Frau Liebermeister, was veranlasste Sie zur Wahl des Titels Ihres neusten Buchs "Die Führungskraft als Influencer: In Zukunft führt, wer Follower gewinnt"?
Primär die Erfahrung, dass Führungskräfte, die erfolgreich, also wirksam sind, das Denken und Handeln der Menschen in ihrem Umfeld beeinflussen können.
Also eine Art Meinungsführerschaft in ihm übernehmen?

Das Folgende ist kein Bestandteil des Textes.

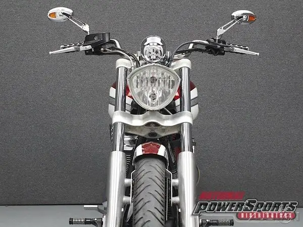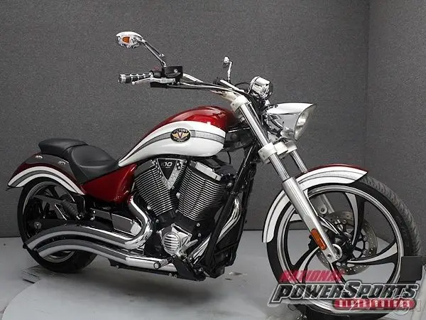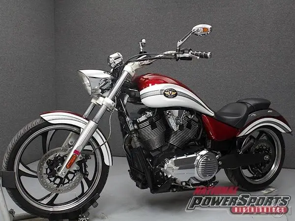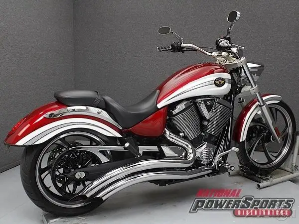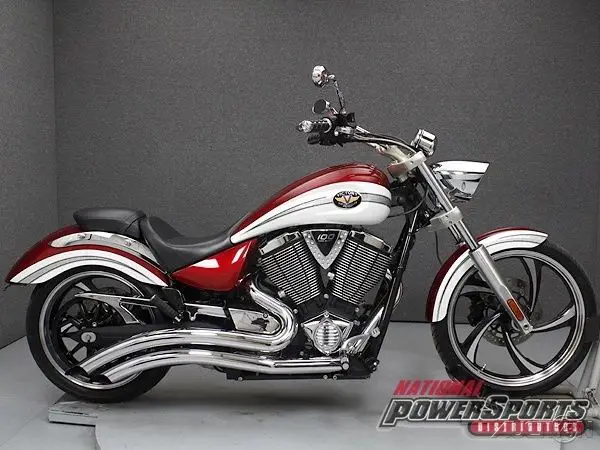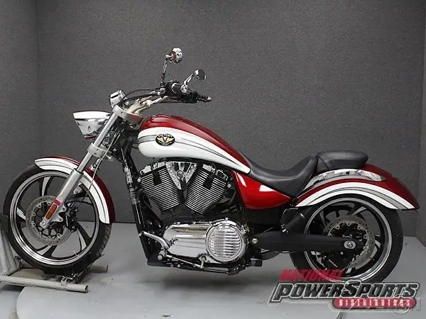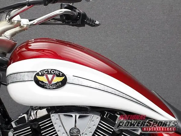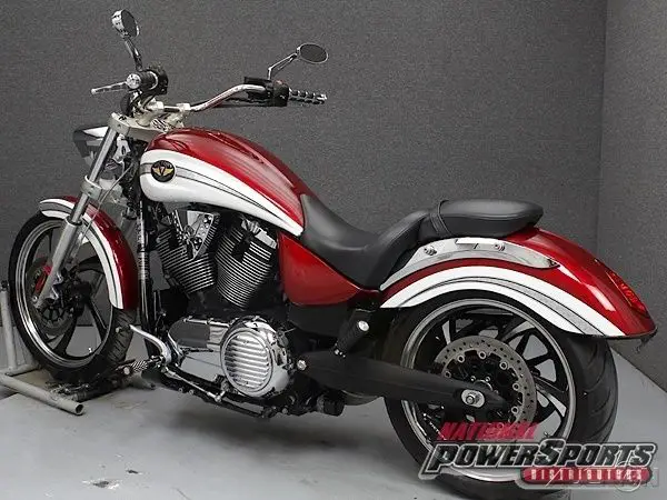 This Victory Vegas Low has been upgraded with an aftermarket exhaust, loydz II fuel controller, pen air intake with a K&N air filter, irrors with integrated turn signals, ftermarket license plate bracket, nd Kuryakyn grips. a 100ci v-twin engine with a 6-speed transmission, he Vegas puts out 85hp and 106 foot-pounds of torque. It has a seat height of 25.2" and a dry weight of 645lbs.
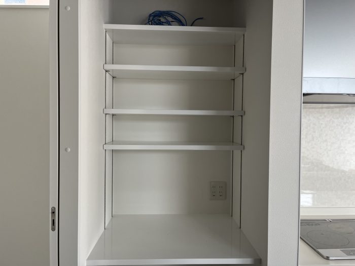 【キッチン横の可動棚】 パントリー&家電置き。 使い勝手がいい可動棚です。 |
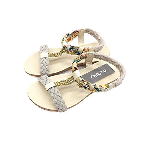 (チョロモ) Cholmo ぺたんこ サンダル 春 夏 秋 必須な一足 楽チン 歩きやすい どんな足にもフィット 靴 ウッド ビーズ レディース ガールズ (24, 白)
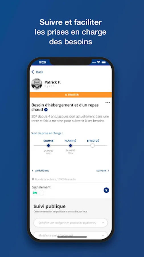 The + Avenir Connect application facilitates the identification, management and follow-up of social emergencies by support organizations and allows them to benefit from the support of the community.
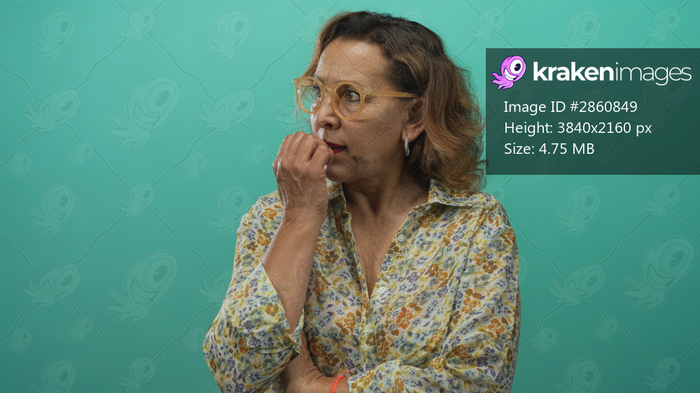 Middle aged hispanic woman wearing glasses biting finger gesture while looking aside in studio setting; anxiety.
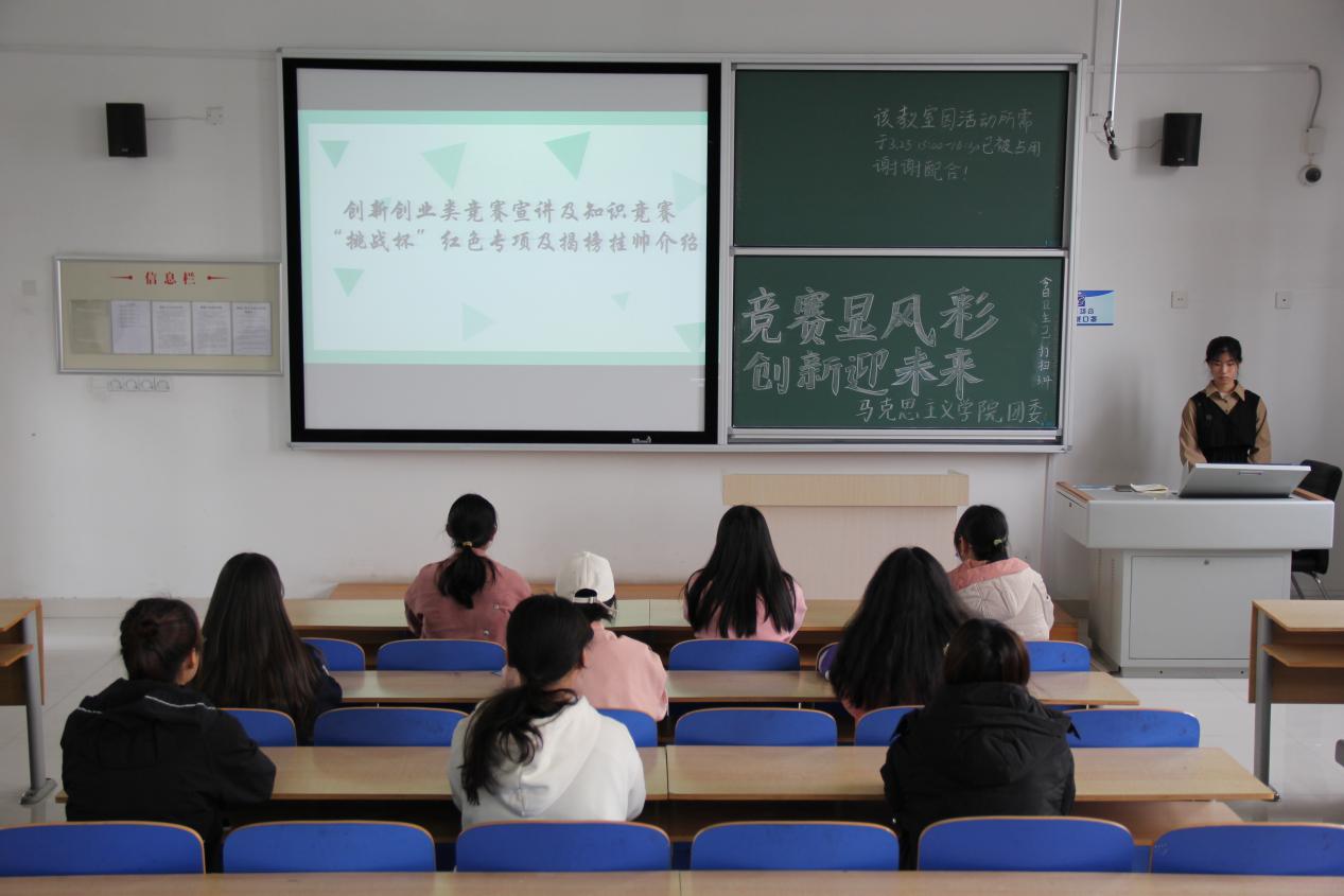 3月25日,马克思主义学院于东校区C#503举办“竞赛显风彩,创新迎未来”活动,通过PPT讲解与知识竞赛相结合的方式,深化同学们对“挑战杯”红色专项及揭榜挂帅赛事的认识,激励我院学子积极奋进、勇于创新,提高同学们参加创新创业竞赛的积极性。
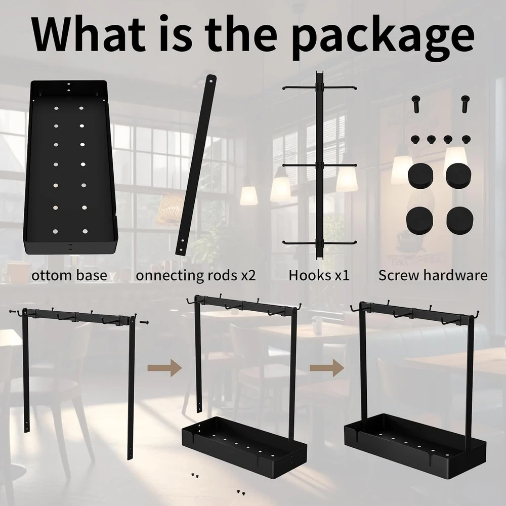 Store New Arrivals Add to Favorite View Feedback Contact Coffee Mug Holder Organizer with Movable Hooks, Coffee Cup Holder for Countertop, Metal Coffee Mug Tree Stand with Storage Basket, Cups Mug Rack for K Cup Pod Coffee Bar Kitchen, Black Description Style Industrial Batteries Included? No Room Type Kitchen Is Customizable No Assembly Required Yes Product Dimensions 6"D x 13.5"W x 14"H Material Alloy Steel, Aluminum Finish Type Powder Coated Included Components Accessories Indoor/Outdoor Usage Indoor Batteries Required? No Item Weight 1.5 pounds Finish Powder Coated Number of Shelves 1 Special Features Heavy Duty Special Feature Heavy Duty Mounting Type Countertop Shelf Type Cubby Shelf Color Black Shape Square Recommended Uses For Product Mugs Size 6Hooks 【Large Storage Coffee Mug Holder】 - 6 mug hooks and large capacity tray. RCHYFEED coffee cup organizer owns large capacity, the top shelf with hooks holds up to 6 coffee mugs. The bottom storage tray can hold various coffee beans, syrup, coffee cups, sugar bag, tea packet, creamer, snacks and other various items. A great coffee bar accessory. 【Movable Hooks】 - The coffee cups holder for countertop with 6 movable hooks. So you can adjust the position of the hooks according to the size of your cups. You can also remove unwanted hooks as needed to prevent hooks and cups from colliding. The bottom with drain hole can help drain and dry, avoiding generate harmful substances in humid environments.It is totally a perfect coffee mug display stand for your home. 【Sturdy and Durable】 -The coffee mug tree rack made of high quality aluminum alloy, provides you with stronger stability and durability. All movable hooks are made of high-quality metal to keep your coffee mugs securely in place. And the surface is smooth, with an anti-rust coating, and easy to clean.The bottom of our mug display holder is supported by 4 mini pads, which can prevent the rack from scratching the table. 【Space Saving】 - The tree mug racks holder not only give you a place to store your coffee cups, but also storage various items keep your table and kitchen well-organized. The black metal frame also has a strong vintage industrial style atmospher, suitable for kitchen counter, coffee table, cabinet display or storage, living room, dinning room, outdoor dinning table. 【Easy Installation】 - The mug cups holder needs to be assembled on your own, but do not worry about this. All of the necessary accessories are included in the package, with an instruction manual. After reading the instructions, you can finish the installation in a few minutes. If you have any questions with your purchase, please . Product Description Are you still worrying about your beloved cups being messy and nowhere to put it? RCHYFEED coffee mug rack holder not only give you a place to store your coffee cups, but also storage various items keep your table and kitchen well-organized. movable hooks You can adjust the position of the mug hooks according to the size of your cups, and all movable hooks are made of high-quality metal to keep your coffee mugs securely in place. Heavy Duty Metal Frame The coffee mug rack made of high quality aluminum alloy, provides you with stronger stability and durability. Large Storage Space The bottom storage tray can hold various coffee beans, coffee cups, sugar bag, tea packet, creamer, snacks and other various items. Sturdy Hooks The coffee cups holder organizer owns large capacity, the top shelf with hooks holds up to 6 coffee mugs. Bottom Drain Hole Design The bottom with drain hole can help drain and dry, avoiding generate harmful substances in humid environments. You can assemble the coffee cup holder with easy-to-understand installation instructions in a few minutes. Prefer Gift for Coffee Lovers Both in terms of practicality and appearance, this mug stand holder is a perfect gift for coffee lovers, also perfect for a new home or refreshing your kitchen. More Options for RCHYFEED coffee bar accessory Add to Cart Add to Cart Add to Cart Add to Cart Add to Cart Customer Reviews 4.7 out of 5 stars 166 4.7 out of 5 stars 166 4.2 out of 5 stars 73 4.7 out of 5 stars 166 4.5 out of 5 stars 39 Price $26.99 $ 26 . 99 $29.99 $ 29 . 99 $29.99 $ 29 . 99 $31.99 $ 31 . 99 $32.99 $ 32 . 99 Function Store mugs,cups,pods,tea bags Store mugs,cups,pods,tea bags Store mugs,cups,pods,tea bags Store mugs,cups,pods,tea bags store cups,lids, straws,sleeve Material Aluminum Alloy Aluminum Alloy Aluminum Alloy Metal Aluminum Alloy Size 5.9"D x 13.5"W x 14"H 5.9"D x 16.5"W x 17.3"H 5.5"D x 16.5"W x 16.7"H 9.84"L x 9.84"L x 17.32"H 13.46"D x 5.9"W x 6.5"H Features Adjustable hooks,bottom tray Adjustable hooks,bottom tray Wall mounted,adjustable hooks 360 Degree rotating Height adjustable,bottom tray Easy Installation Yes Yes Yes Yes Yes ABOUT US We offer the best prices around on high quality products. Our E-store includes media such as books, movies, music and games while offering electronics, toys, sporting apparel, clothing, tools, general home, garden items and more. SHIPPING We are always working hard to ensure your package arrives as soon as possible. Please understand that some factors like weather, high postal traffic, and the performance of shipping companies are outside of our control. We offer free shipping to the lower 48 states and ship within 2 business days of payment, usually sooner. We do not accept P.O. Boxes. Please provide a physical address. For shipping outside of the continental USA, we only use eBay's Global Shipping Program.The item is shipped to KY and then sent to the rest of the world. International customers are responsible for all duties and taxes. Continue to check out in order to calculate costs for shipping the item to your country. Messages regarding eBay's Global Shipping Program MUST be directed at eBay EXCLUSIVELY. RETURNS We offer a 30-Day Return Policy on items which you are not completely satisfied with. You have the option for a fu
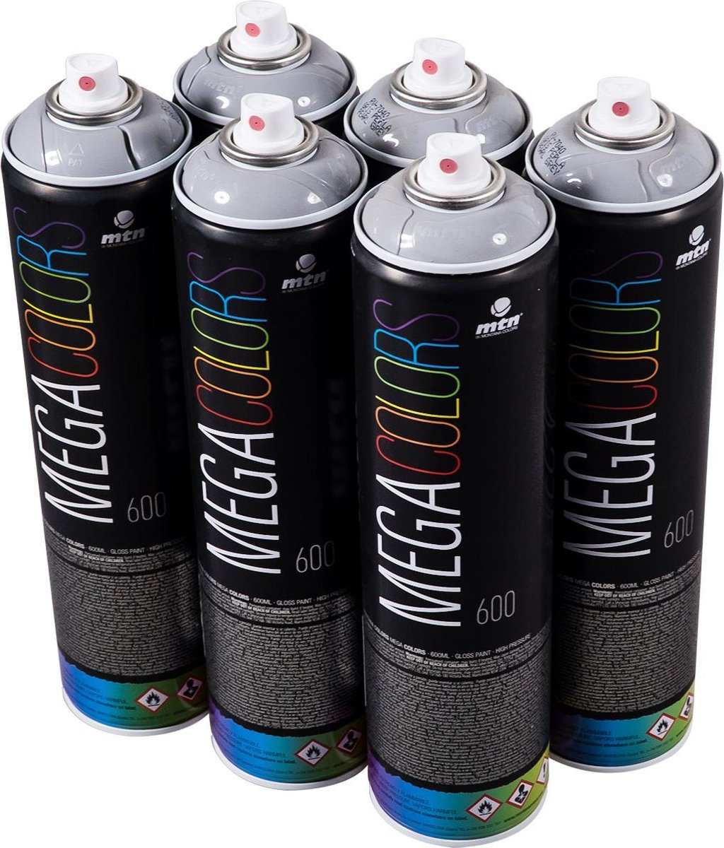 MTN Mega Colors - 6x Grijze spuitbus pakket - 6 stuks 600ml spuitverf - Hoge dekking, glossy afwerking
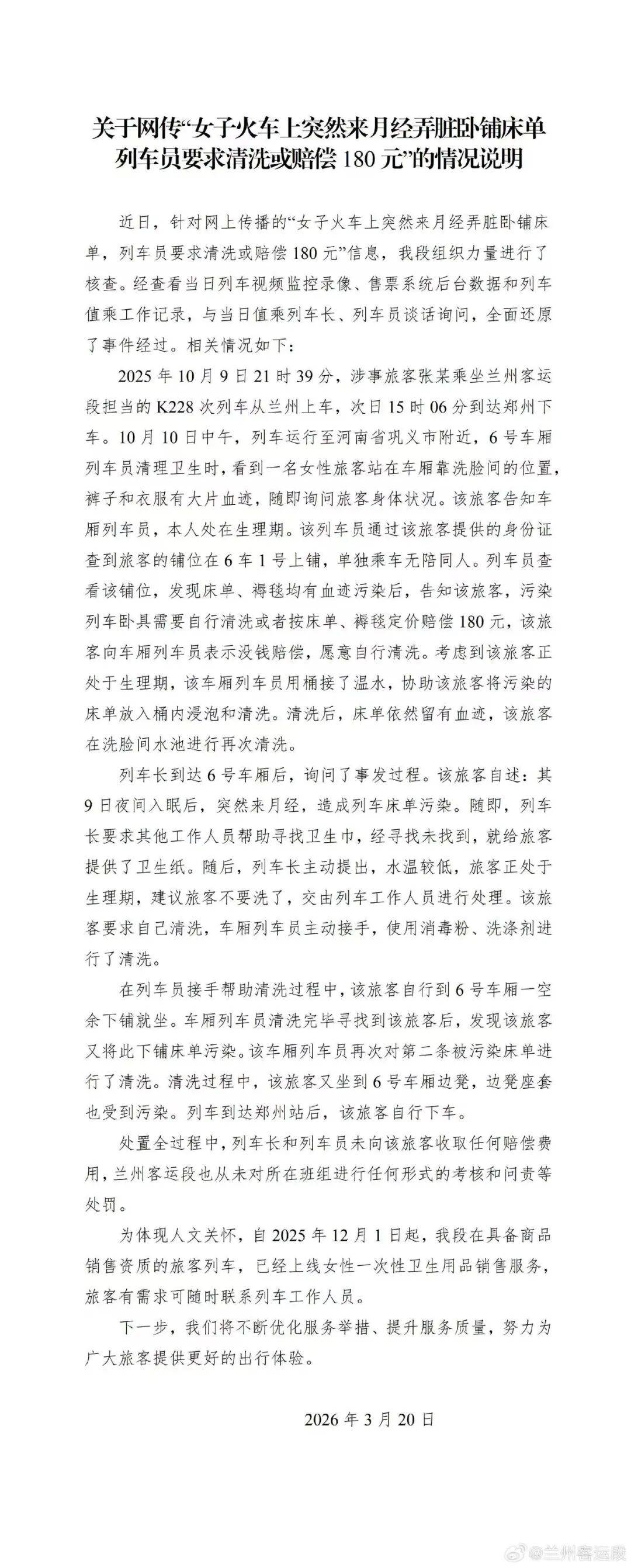 3 月 20 日,一份关于床单的官方通报由兰州铁路局发布。之后,当事人张女士通过微博公开了现场录音、Live 图及照片进行逐条反驳。
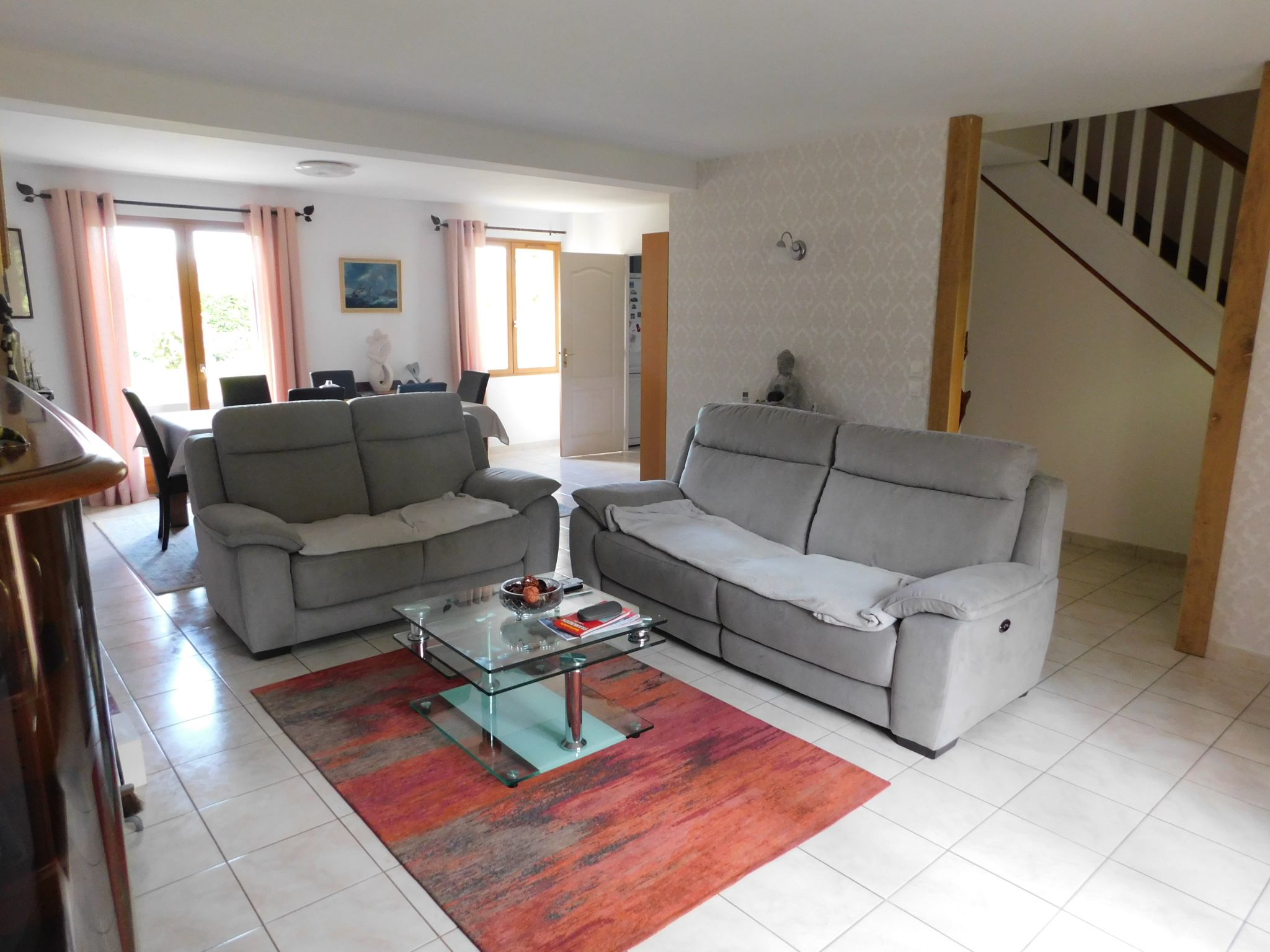 Maison construite en 2002 sur un beau terrain clos, plat et au calme. Au rez de chaussée : entrée, séjour à la double exposition de 41 m2 avec cheminée à foyer fermé, cuisine indépendante, toilettes, une chambre et une salle de douche. A l'étage, sur dall...

Das greift mir zu kurz beziehungsweise ist mir zu stark dem alten Top-down-Denken verhaftet: Eine Person denkt vor und die anderen übernehmen ihre Meinung beziehungsweise folgen ihren Anweisungen. Ein solches Denken entspricht in einem Umfeld, in dem die Kernleistungen der Unternehmen meist in einer bereichs- und funktionsübergreifenden Teamarbeit erbracht werden, nicht mehr den betrieblichen Erfordernissen.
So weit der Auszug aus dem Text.